Task description -> Range to copy from the entries below: the line containing "Verona es por" through the line containing "収納コンテナである THOR LARGE", inclusive. Retype only those lines, exactly, without any images.

Materials provided ->
——
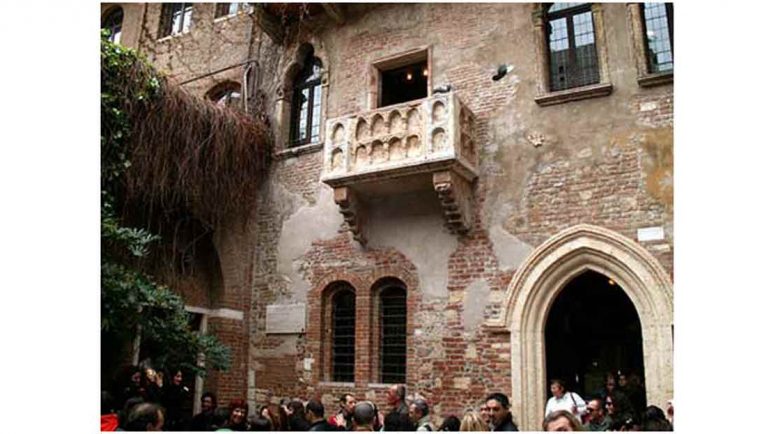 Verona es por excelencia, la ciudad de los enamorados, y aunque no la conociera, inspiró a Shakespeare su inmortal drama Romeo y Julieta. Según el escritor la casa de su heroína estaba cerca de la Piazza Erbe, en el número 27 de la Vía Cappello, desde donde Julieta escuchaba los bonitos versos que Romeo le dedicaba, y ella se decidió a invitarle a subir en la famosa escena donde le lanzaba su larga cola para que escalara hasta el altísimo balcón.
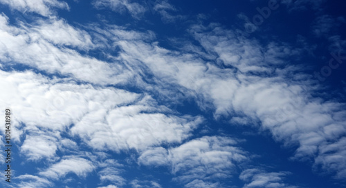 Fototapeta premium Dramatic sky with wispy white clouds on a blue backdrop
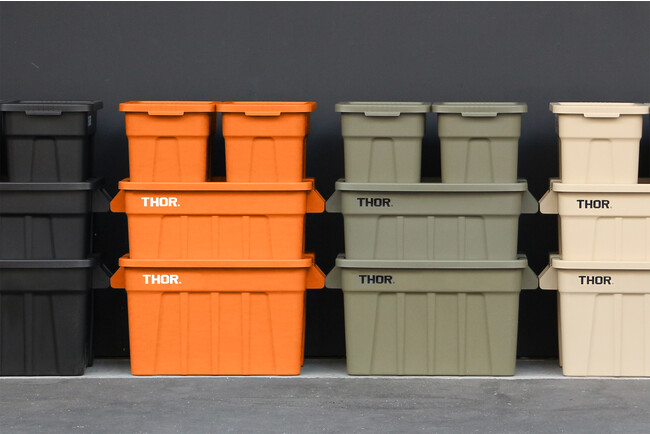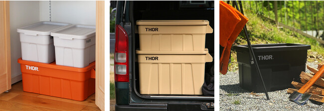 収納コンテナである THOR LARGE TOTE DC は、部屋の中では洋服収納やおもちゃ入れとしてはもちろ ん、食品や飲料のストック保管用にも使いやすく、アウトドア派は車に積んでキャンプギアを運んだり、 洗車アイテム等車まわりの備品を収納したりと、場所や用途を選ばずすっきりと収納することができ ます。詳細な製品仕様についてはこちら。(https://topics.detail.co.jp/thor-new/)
——
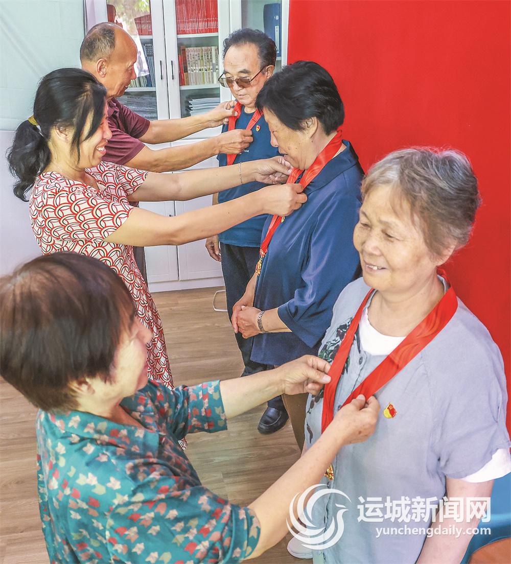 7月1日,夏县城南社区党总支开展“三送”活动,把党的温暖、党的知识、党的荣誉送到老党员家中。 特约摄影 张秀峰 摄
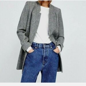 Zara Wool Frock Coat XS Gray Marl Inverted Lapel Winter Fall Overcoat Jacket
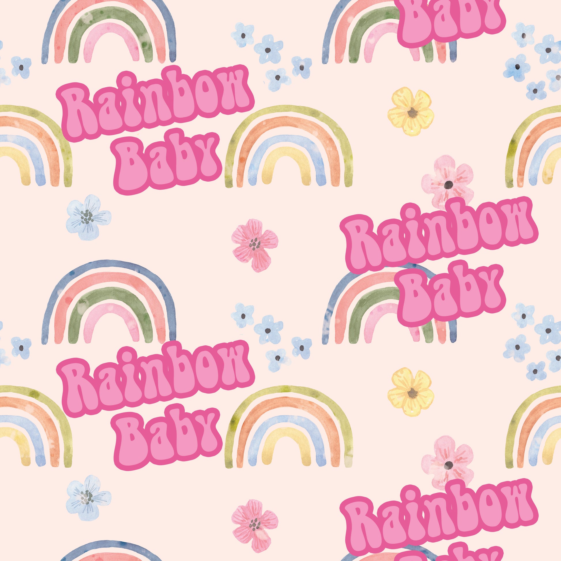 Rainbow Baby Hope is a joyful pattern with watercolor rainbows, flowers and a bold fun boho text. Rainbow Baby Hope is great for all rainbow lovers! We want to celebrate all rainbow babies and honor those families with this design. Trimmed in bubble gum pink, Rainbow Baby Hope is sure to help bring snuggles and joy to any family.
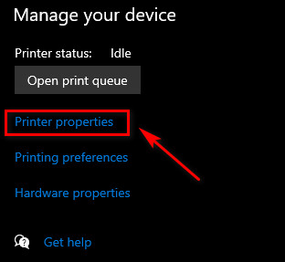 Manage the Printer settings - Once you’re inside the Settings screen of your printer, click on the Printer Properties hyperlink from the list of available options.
——
Result ->
 Verona es por excelencia, la ciudad de los enamorados, y aunque no la conociera, inspiró a Shakespeare su inmortal drama Romeo y Julieta. Según el escritor la casa de su heroína estaba cerca de la Piazza Erbe, en el número 27 de la Vía Cappello, desde donde Julieta escuchaba los bonitos versos que Romeo le dedicaba, y ella se decidió a invitarle a subir en la famosa escena donde le lanzaba su larga cola para que escalara hasta el altísimo balcón.
 Fototapeta premium Dramatic sky with wispy white clouds on a blue backdrop
 収納コンテナである THOR LARGE TOTE DC は、部屋の中では洋服収納やおもちゃ入れとしてはもちろ ん、食品や飲料のストック保管用にも使いやすく、アウトドア派は車に積んでキャンプギアを運んだり、 洗車アイテム等車まわりの備品を収納したりと、場所や用途を選ばずすっきりと収納することができ ます。詳細な製品仕様についてはこちら。(https://topics.detail.co.jp/thor-new/)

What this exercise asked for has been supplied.